Preparing a 4,5-dihydrooxazol-2-ylbenzene compound represented by the following Chemical Formula 1 by cyclizing the hydroxyalkyl benzamide compound represented by the following Chemical Formula 2;
Method for producing a 4,5-dihydrooxazol-2-ylbenzene compound or a salt thereof comprising a.
(2)

[Chemical Formula 1]

In Formula 1 or 2, R ₁ is a halogen atom or a C ₁ -C ₄ haloalkyl group substituted with 1 to 8 halogen atoms; R ₂ represents a halogen atom or a cyano group; R ₃ , R ₄ , R ₅ , and R ₆ are the same or different from each other and are a hydrogen atom or a C ₁ -C ₄ alkyl group.
The method according to claim 1,
The cyclization reaction is carried out in the presence of (diethylamino) sulfur trifluoride (DAST), or para-toluenesulfonate (TsOH), 4,5-dihydrooxazol-2-ylbenzene compound Or a method for preparing a salt thereof.

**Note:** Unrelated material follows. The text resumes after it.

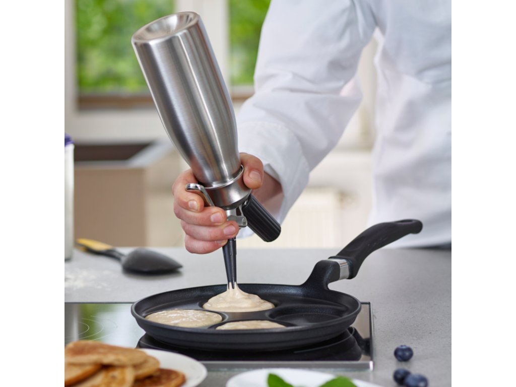 Vykouzlete lahodnou šlehačku s láhví od značky Kayser. Stačí ji jen nalít dovnitř a za pomocí bombičky se vytvoří pěna. Na výrobu celého produktu se používá špičková nerezová ocel, která vydrží spoustu let a je recyklovatelná. Na pokrytí celého objemu vystačí jedna plynová bombička. Nedá se ale znovu naplnit, proto ji musíte při každém použití vyměnit.Šlehačková láhev INOX 1 l

The method according to claim 1,
The cyclization reaction is carried out in the presence of a tri (C ₁ -C ₆ ) alkylamine and a base selected from the group consisting of hydroxides, hydrides and C ₁ -C ₆ alkoxides of alkali or alkaline earth metals. Method for the preparation of, 5-dihydrooxazol-2-ylbenzene compound or salt thereof.
The method according to claim 3,
4,5 characterized in that the base is selected from the group consisting of trimethylamine, triethylamine, diethylisopropylamine, lithium hydroxide, sodium hydroxide, calcium hydroxide, sodium hydride, potassium hydride, sodium methoxide, and potassium methoxide A process for preparing a dihydrooxazol-2-ylbenzene compound or a salt thereof.